Hold on there, can you "define in terms that are directly quantifiable what" 'God is real' "actually means"? If you can't, does that mean that atheists, like me, can't continue to say very confidently indeed that he doesn't?

Do I, as an atheist, need to provide proof of God's non-existence, or is it the job of people who believe in Gods to bring evidence of their existence?

And do you see the parallel here with what you are saying above? If you are saying that LLMs "understand" (you, or anyone else), why is it skeptics that have to provide evidence that they don't? You're the one who's making claims that can't be falsified.

Although I guess you have to agree with the general idea of falsifiability being better than the alternative, to see what I mean.


> If you are saying that LLMs "understand" (you, or anyone else)

I was not saying that.

> why is it skeptics that have to provide evidence that they don't?

Because if a claim is going to be made in either direction then evidence or other reasoning to support it should be provided.

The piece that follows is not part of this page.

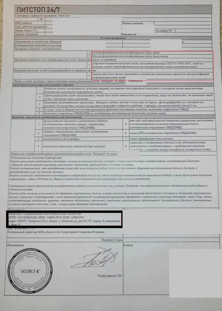 Для того, чтобы вернуть деньги с ООО “Ассист-К” за сертификат сервисной программы ПитСтоп 24/7, нужно подать заявление о расторжении по адресу: 420044, Респ Татарстан, г Казань, Ново-Савиновский р-н, ул Восстания, д 18Б, помещ 1033. Если с заявлением обратиться в период охлаждения, т.е. в течение 30 дней, получится вернуть всю стоимость оформленной услуги согласно п. 2.7-2.8 ст. 7 N 353-ФЗ «О потребительском кредите».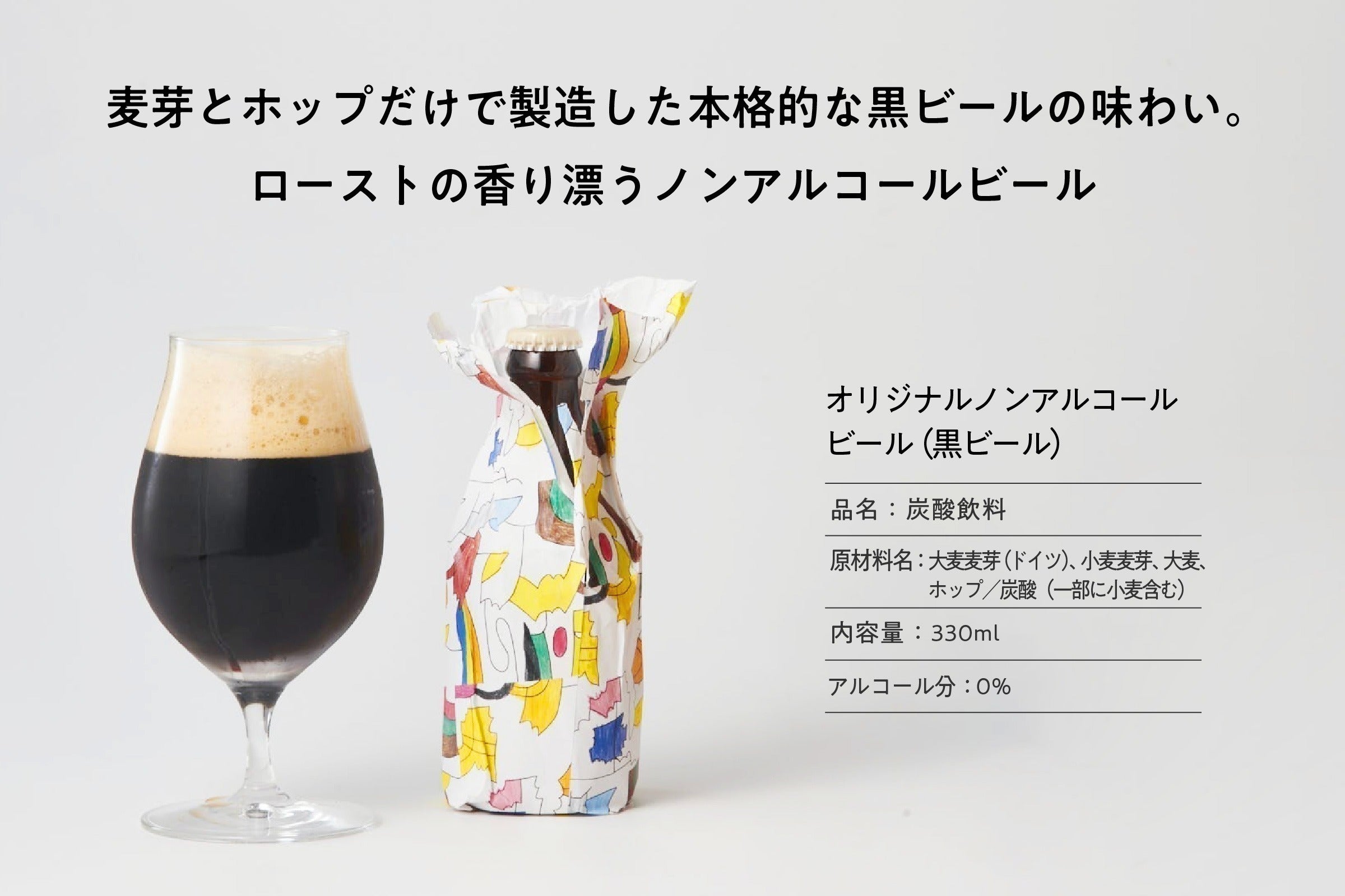 そこで、麦芽とホップだけでつくった、特別な「ノンアルコールの黒ビール」をご用意します。

My position is that the "sensible" default position in this case is one of "we don't know". Of course defaults are always some degree of subjective in that such judgments ultimately arise from our personal worldview.

Before you object that this is an unreasonable default in this case, consider that I can't even prove that other people are sentient. I can't articulate in quantifiable terms what exactly it means for a person to understand a concept. So if I accept that the default is "not sentient until proven otherwise" then there would seem to be an issue. I would then simultaneously be saying that other _people_ aren't sentient (I can't prove they are) and that other _people_ don't understand things (I don't even know how to measure such a thing, after all).

> If you can't, does that mean that atheists, like me, can't continue to say very confidently indeed that he doesn't?

I'm not quite sure I follow. Indeed I hold that strong claims that God either does or does not exist are unreasonable on the basis that both would appear to be fundamentally untestable claims. At least, untestable short of such an entity choosing to provide incontrovertible proof of its existence.


>> I was not saying that.

So what are you saying then? Clarifying this will save us both a lot of wasted time.